Sunday 28 February 2021

Why Martin's Model Of Register And Genre Is Theoretically Invalid

Martin & Rose (2007: 308, 309):
Register analysis then gives us another way of thinking about context, alongside genre. The main difference is that register analysis is metafunctionally organised into field, tenor and mode perspectives whereas genre analysis is not. For us the relationship between the register and genre perspectives is treated as an interstratal one, with register realising genre (as in Figure 9.2). The relationship between register and genre in other words is treated as similar to that between language and context, and among levels of language (as outlined in Chapter 1).

 

Blogger Comments:

[1] To be clear, Martin & Rose model culture as varieties of language, genre and register, and do not model these varieties of language as language. This latter is analogous to not construing types of fruit as fruit.

Moreover, modelling varieties as stratal systems sets up a theoretical inconsistency with other strata, including their own discourse semantics, because other strata are not varieties, but full systems.
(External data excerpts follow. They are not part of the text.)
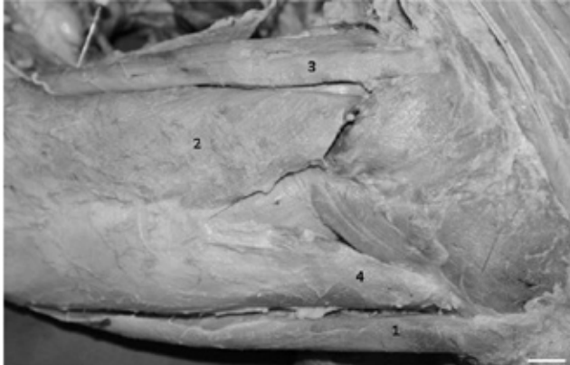
FIGURA 3. Vista lateral da coxa de P. cancrivorus , onde estão situados os músculos: 1) sartório; 2) bíceps femoral; 3) semitendinoso; 4) tensor da fascialata. Barra = 0,5 cm.

ral, vastolateral, quadrado femoral e semimembranoso (porção cranial), evidenciados nas Figuras 3 e 4, respectivamente.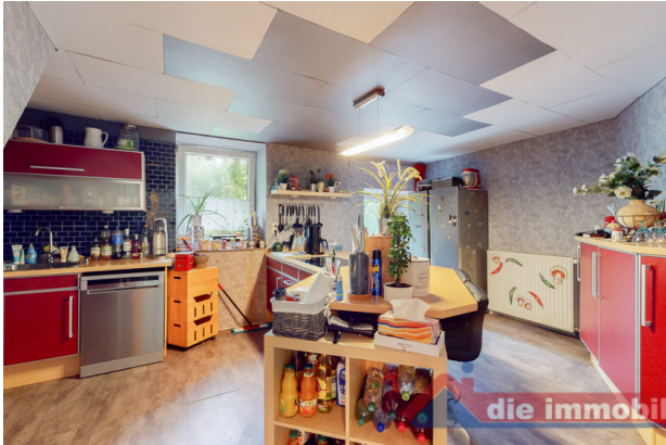
Küche 2 EG_1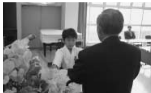
平成14年度の受賞者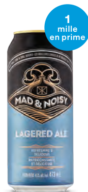
CREEMORE SPRINGS MAD & NOISY LAGERED ALL 473 mL | 3,10 $ 512947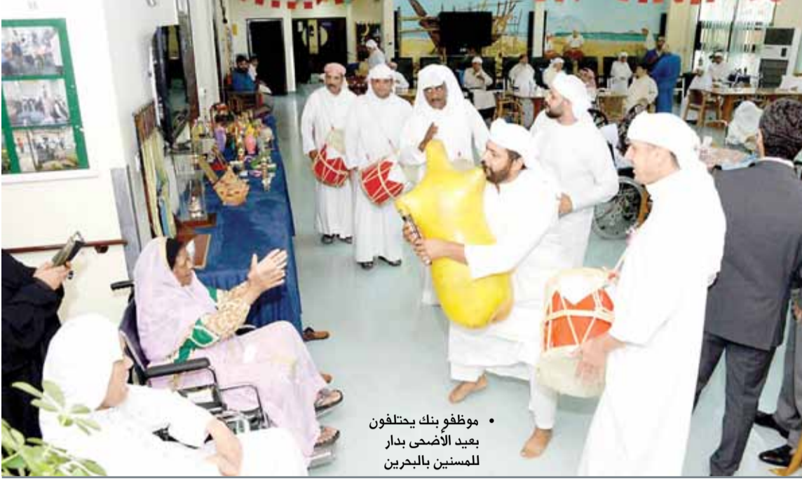
• موظفو بنك يحتفلون بعيد الأضحي بدار المسنين بالبحرين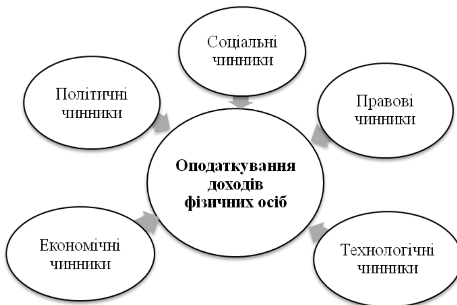
Рис. 2. Чинники зовнішнього впливу на оподаткування доходів фізичних осіб

випадків автори виділяють зовнішні та внутрішні фактори впливу на діяльність будь-якої системи. Важливість зовнішніх факторів також залежить від ступеня їх впливу на оподаткування доходів фізичних осіб, тому доцільним буде сформулювати перелік основних факторів зовнішнього середовища (непрямої дії) для подальшого визначення значущості їх впливу на оподаткування (рис. 2.).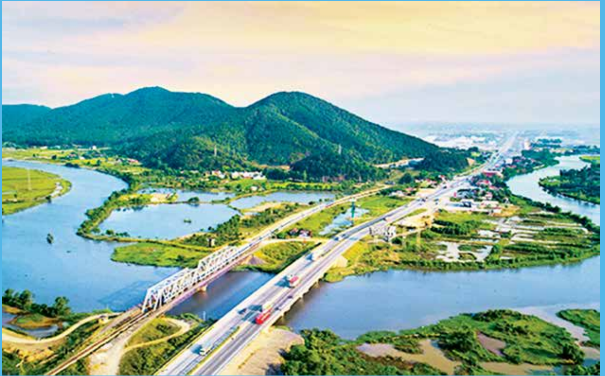
Đường vô xú nghệ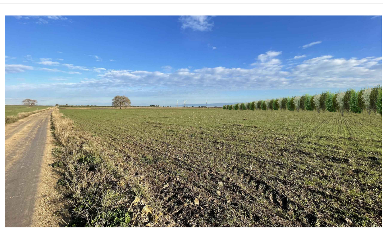
FOTOINSERIMENTO 1 - STATO DI PROGETTO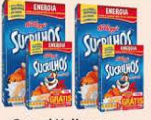
Cereal Kelloggs Sucrilhos 730g + 150g grátis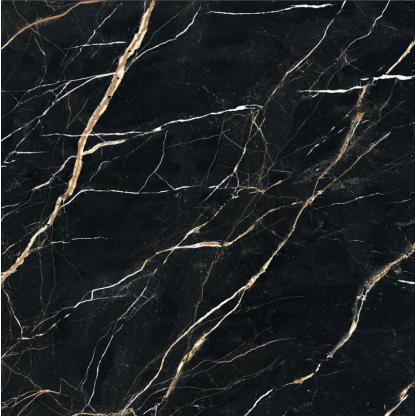
MOONLIGHT PULIDO P1212GRP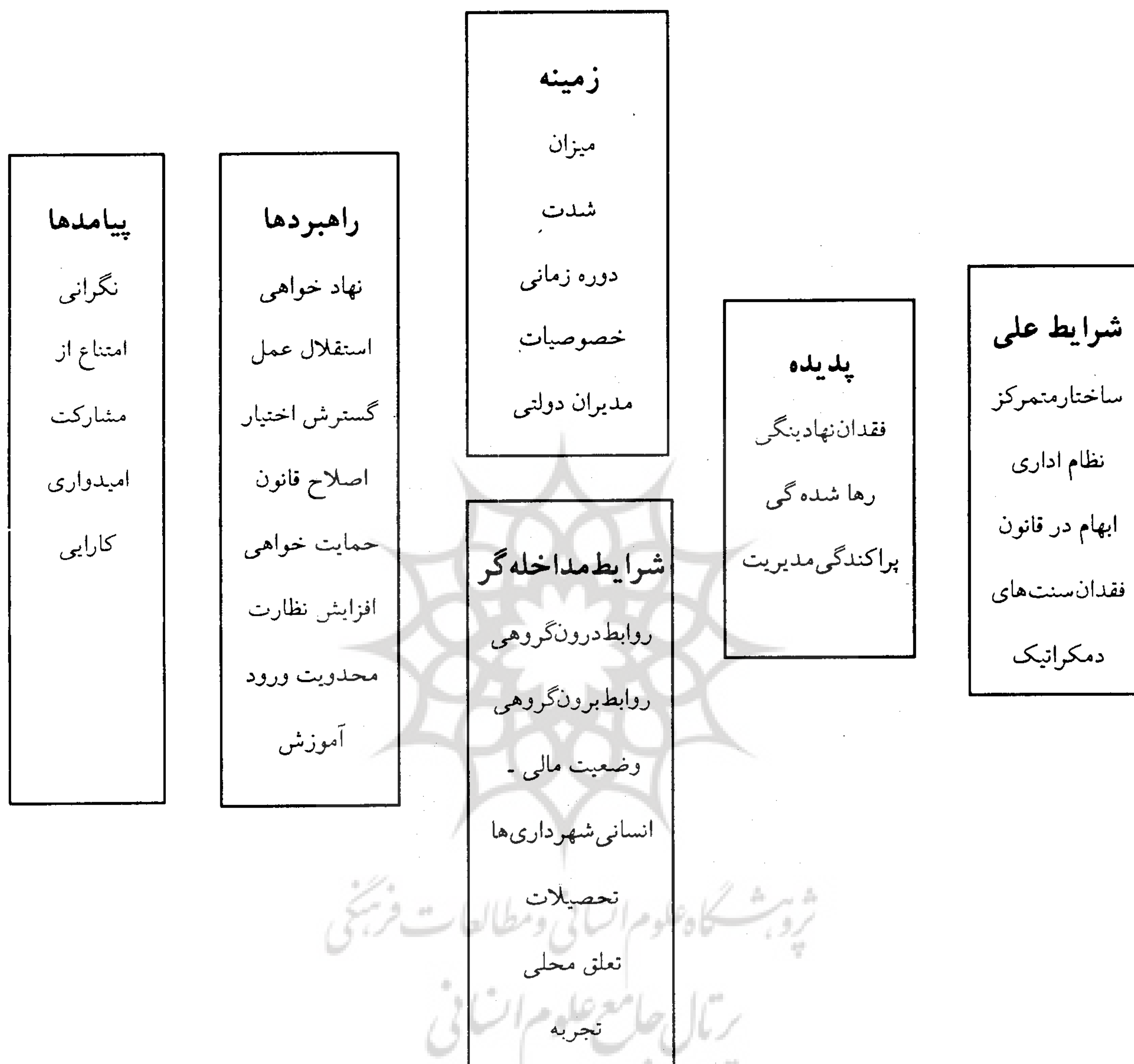
شکل ۳- مدل پارادایمی تحقیق عوامل موثر بر کارایی شورهای شهر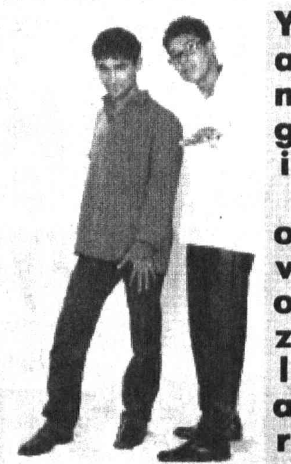
сизми?", "Ўзга бир ишқ", "Ёлғизликда" кўшиқлари ёшлар қалбидан ўрин олган.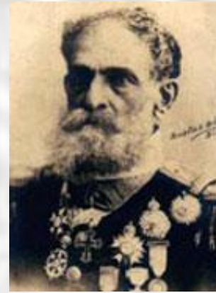
Деодоро да Фонсека

Смена общественно-политического строя в стране произошла практически бескровно, если не считать простреленной ноги военноморского министра, барона де Ладарио, который в самом начале путча попытался "жестко" поговорить с заговорщиками.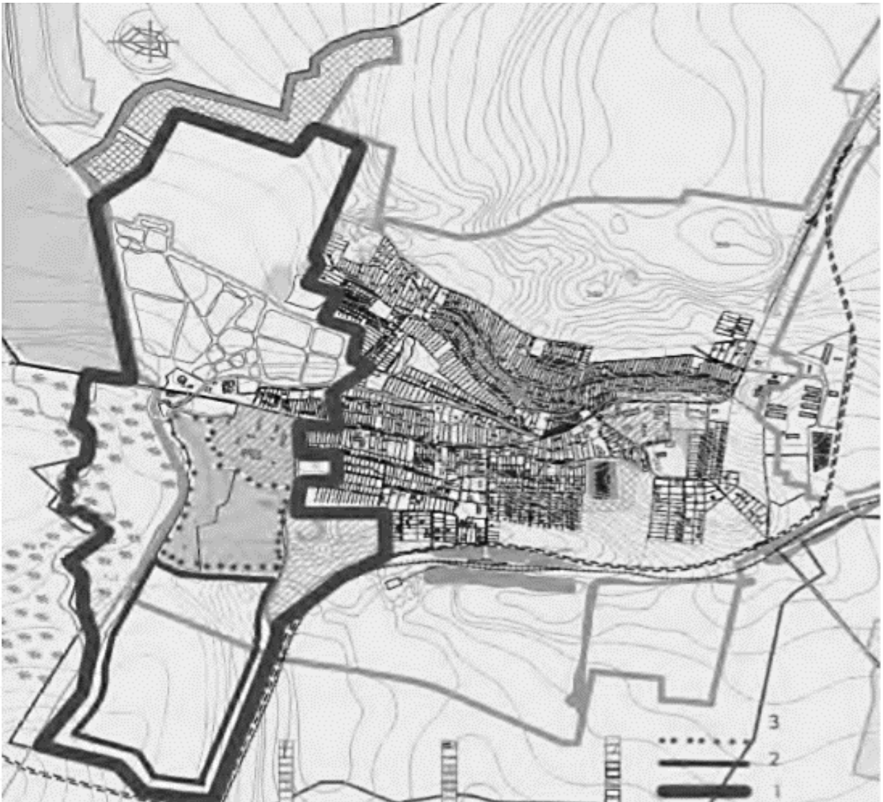
Рис. 4. Концепція розвитку рекреації в стм. Великий Любінь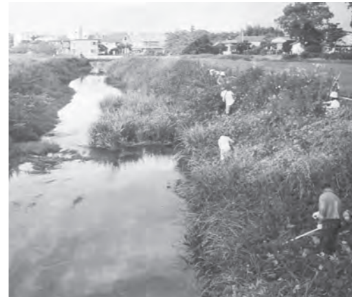
陣屋川の美化活動

課長 自治活動の清掃活動などで事故があると保障される。任意団体だと対象外になる場合もある。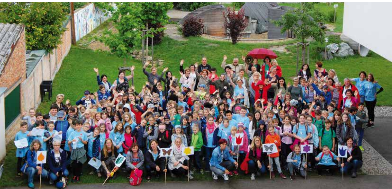
■ Die Kinder der vier Naturpark-Volksschulen bei ihrem Fest in Schattendorf

Naturparkbüro Schuhmühle Schattendorf Am Tauscherbach 1 A-7022 Schattendorf Telefon +43 (0) 664 4464 116 naturpark@rosalia-kogelberg.at www.rosalia-kogelberg.at

In SFL Theory, these varieties of language, text type (genre) and register, are the same phenomenon viewed from opposite poles of the cline of instantiation: text type (genre) is the view of register from the instance pole, whereas register is the view of text type (genre) from the system pole.

[2] To be clear, in SFL Theory, field, tenor and mode are the metafunctional system of context, which the authors' have misconstrued as register, a functional variety of language. In SFL Theory, different configurations of these contextual features are realised by different registers of language.

[3] To be clear, the fact that the authors' model of genre is not 'metafunctionally' organised is yet another dimension of theoretical inconsistency, since, not only are all other strata 'metafunctionally organised', but the metafunctions are a central tenet of SFL Theory.

As previous posts have demonstrated, from the perspective of SFL Theory, the authors' notion of genre is a confusion of different dimensions of the theory. For example,

  • their 'genre' is text type, which is register viewed from the instance pole of the cline of instantiation;
  • their 'generic purpose' is a culture stratum system, language rôle, within  the textual system of mode;
  • their 'generic stages' are semantic stratum units, oriented to mode.
On this basis, it might be said that the authors' genre is at least partially 'metafunctionally organised', if inadvertently, though on strata other than genre.

[4] To be clear, from the perspective of SFL Theory, Martin & Rose misconstrue two perspectives on the same point of variation on the cline of instantiation of language, register and genre (text type), as two different levels of symbolic abstraction, strata, that are more abstract than language.

Moreover, as previously demonstrated, because Martin & Rose confuse their register system of tenor with social structure, they model genre (e.g. narrative) as realised by social structure.